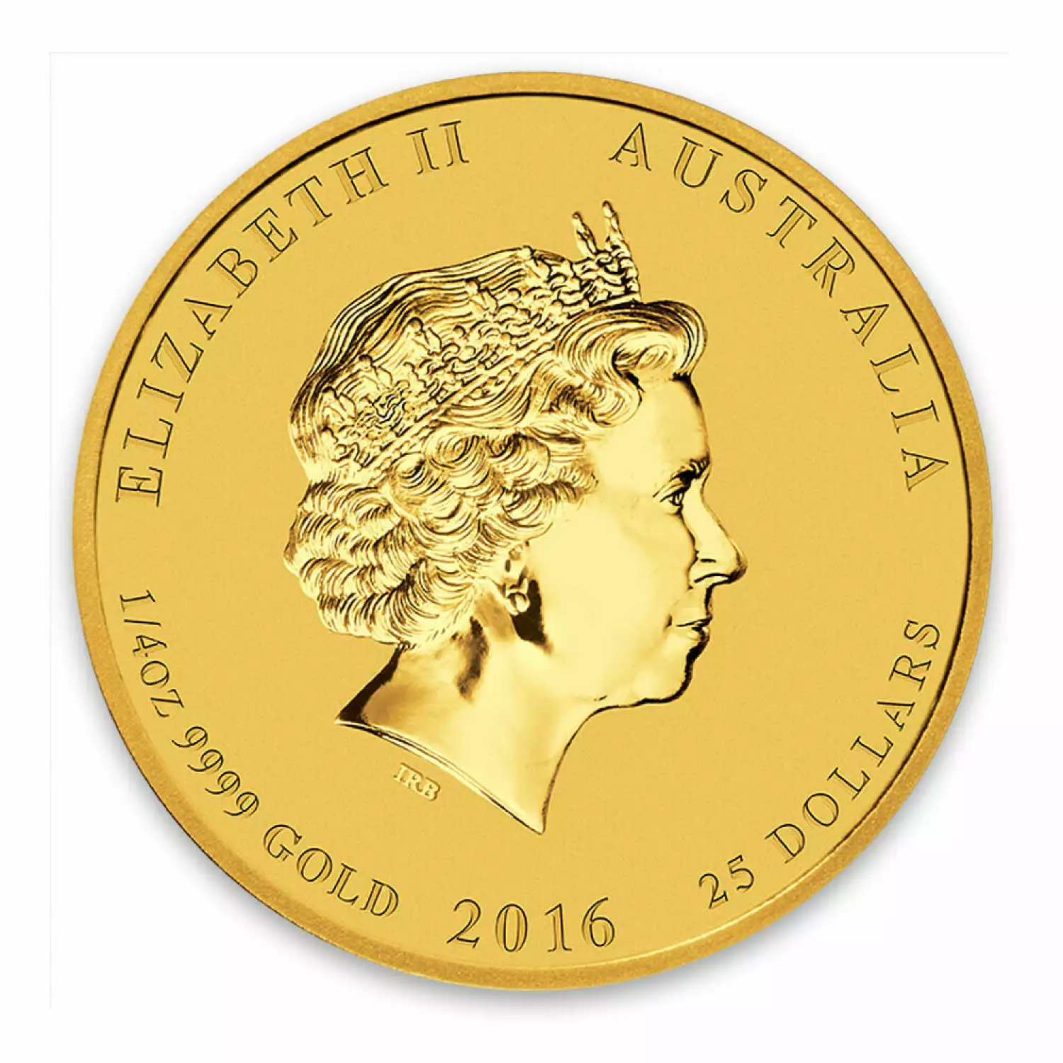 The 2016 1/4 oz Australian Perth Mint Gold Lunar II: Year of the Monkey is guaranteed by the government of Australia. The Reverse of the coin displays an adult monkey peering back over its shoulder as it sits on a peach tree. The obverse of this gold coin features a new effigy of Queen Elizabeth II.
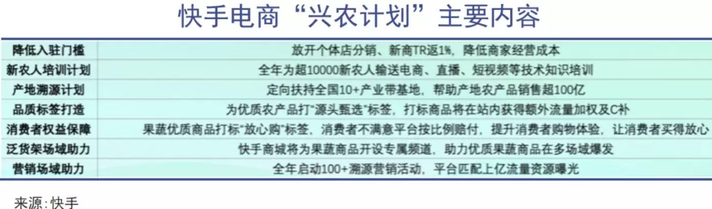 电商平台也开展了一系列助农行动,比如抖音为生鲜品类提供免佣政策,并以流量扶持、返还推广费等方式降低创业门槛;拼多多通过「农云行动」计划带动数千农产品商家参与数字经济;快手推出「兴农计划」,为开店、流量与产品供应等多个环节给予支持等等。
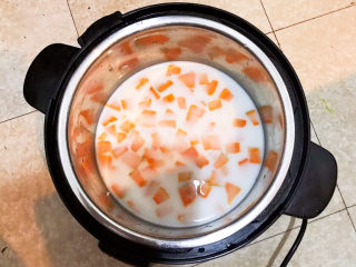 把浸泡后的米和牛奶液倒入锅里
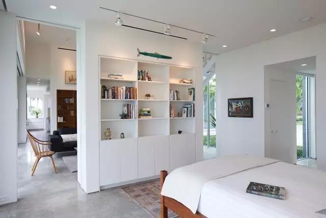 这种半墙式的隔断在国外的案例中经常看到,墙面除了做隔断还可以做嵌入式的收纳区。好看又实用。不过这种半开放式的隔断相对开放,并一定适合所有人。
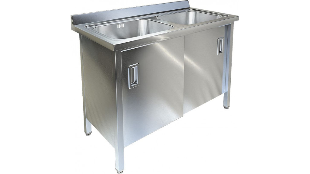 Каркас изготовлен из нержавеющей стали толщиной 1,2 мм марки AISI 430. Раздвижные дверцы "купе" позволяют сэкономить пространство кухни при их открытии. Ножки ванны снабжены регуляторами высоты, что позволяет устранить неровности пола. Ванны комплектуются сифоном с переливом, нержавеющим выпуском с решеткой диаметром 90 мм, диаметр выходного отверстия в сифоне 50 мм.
...
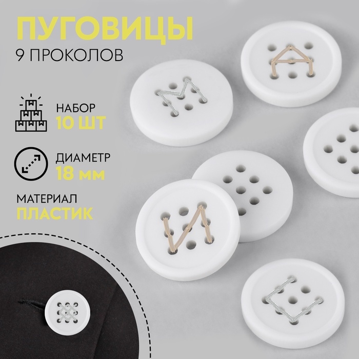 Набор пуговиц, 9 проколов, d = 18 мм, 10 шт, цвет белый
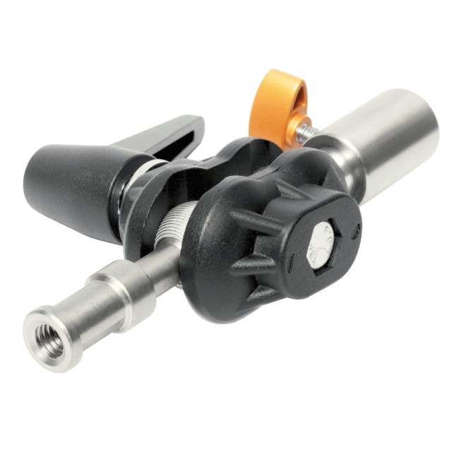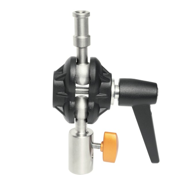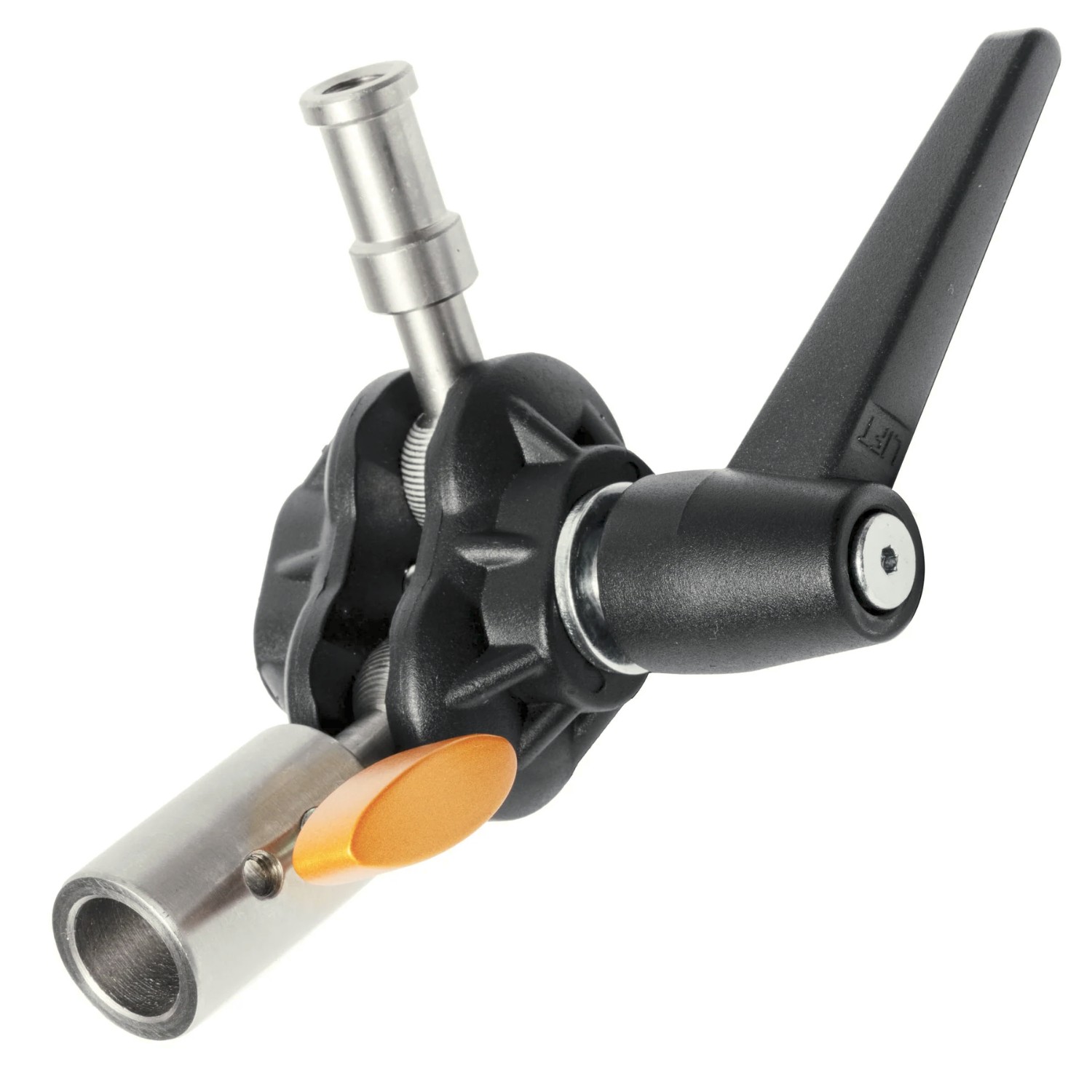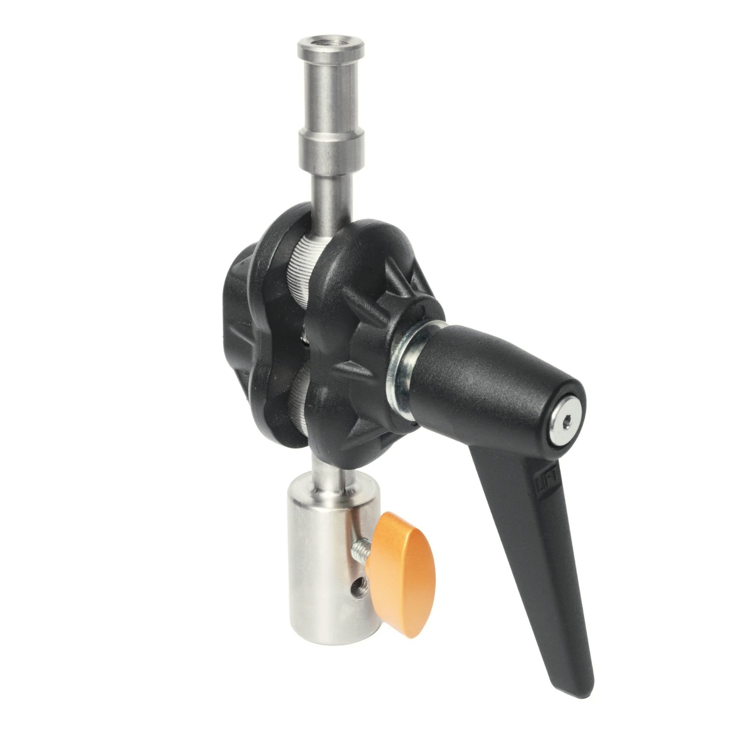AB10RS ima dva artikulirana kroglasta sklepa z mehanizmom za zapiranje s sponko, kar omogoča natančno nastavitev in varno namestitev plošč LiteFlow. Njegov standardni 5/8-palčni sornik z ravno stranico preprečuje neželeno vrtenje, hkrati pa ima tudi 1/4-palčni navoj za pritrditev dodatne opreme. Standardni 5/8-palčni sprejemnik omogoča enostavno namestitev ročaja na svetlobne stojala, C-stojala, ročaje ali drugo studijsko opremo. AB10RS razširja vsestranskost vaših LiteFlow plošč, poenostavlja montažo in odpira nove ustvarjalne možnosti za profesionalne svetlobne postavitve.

_TO DO_
Find the line with "Набор пуговиц, 9" in the entries above. Set down exactly every line from it up to and including the line with "AB10RS ima dva", images excluded.

_REPLY_
 Набор пуговиц, 9 проколов, d = 18 мм, 10 шт, цвет белый
AB10RS ima dva artikulirana kroglasta sklepa z mehanizmom za zapiranje s sponko, kar omogoča natančno nastavitev in varno namestitev plošč LiteFlow. Njegov standardni 5/8-palčni sornik z ravno stranico preprečuje neželeno vrtenje, hkrati pa ima tudi 1/4-palčni navoj za pritrditev dodatne opreme. Standardni 5/8-palčni sprejemnik omogoča enostavno namestitev ročaja na svetlobne stojala, C-stojala, ročaje ali drugo studijsko opremo. AB10RS razširja vsestranskost vaših LiteFlow plošč, poenostavlja montažo in odpira nove ustvarjalne možnosti za profesionalne svetlobne postavitve.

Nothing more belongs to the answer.